TASK DETAILS
In the listing that follows, print every line exactly and leave the images out.

INFORMATION SHOWN START

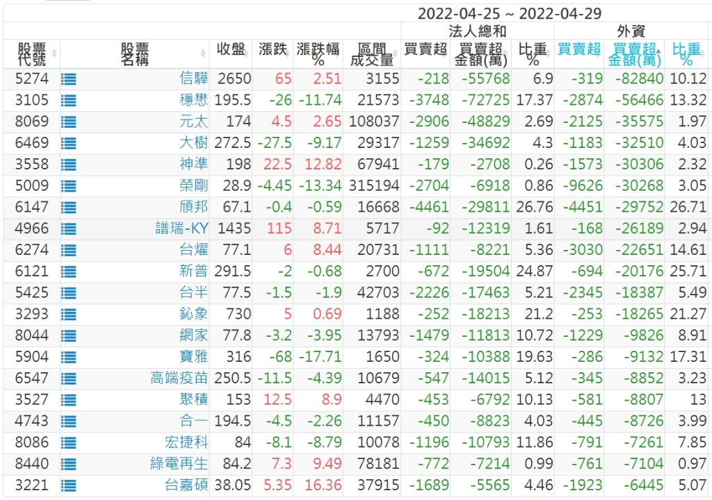【上櫃外資賣超個股】(以金額排行,單位:萬)
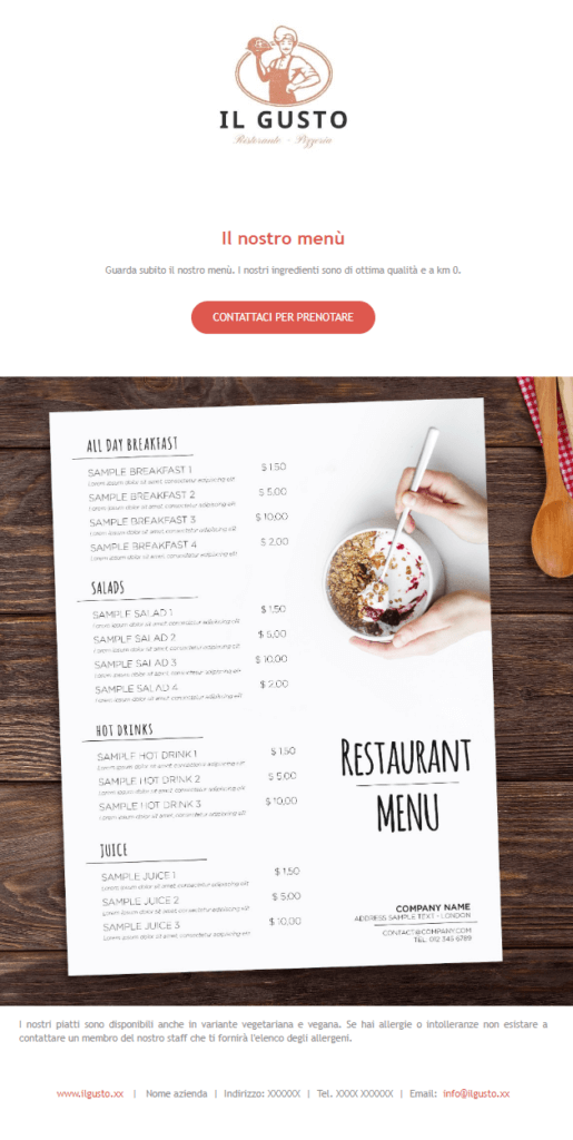 Infine, altri esempi di landing page che possono usare pizzerei, ristoranti e bar è quello per la promozione di eventi: da San Valentino alla festa della mamma, da serata a tema ai classici pranzi di Pasqua e Natale.
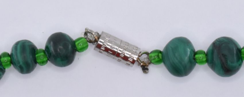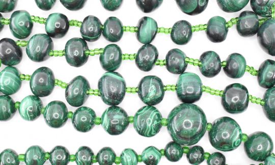Two malachite beaded necklaces each having round graduating beads with green glass spacer beads. Longest measures 30 inches, shortest 22 inches.
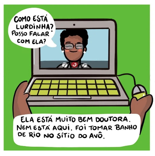 Em uma chamada pelo computador a médica pergunta: Como está Lurdinha? Posso falar com ela? A mãe responde: Ela está muito bem, doutora. Nem está aqui. Foi tomar banho de rio no sítio do avô.

INFORMATION SHOWN END

TASK OUTPUT
【上櫃外資賣超個股】(以金額排行,單位:萬)
 Infine, altri esempi di landing page che possono usare pizzerei, ristoranti e bar è quello per la promozione di eventi: da San Valentino alla festa della mamma, da serata a tema ai classici pranzi di Pasqua e Natale.
Two malachite beaded necklaces each having round graduating beads with green glass spacer beads. Longest measures 30 inches, shortest 22 inches.
 Em uma chamada pelo computador a médica pergunta: Como está Lurdinha? Posso falar com ela? A mãe responde: Ela está muito bem, doutora. Nem está aqui. Foi tomar banho de rio no sítio do avô.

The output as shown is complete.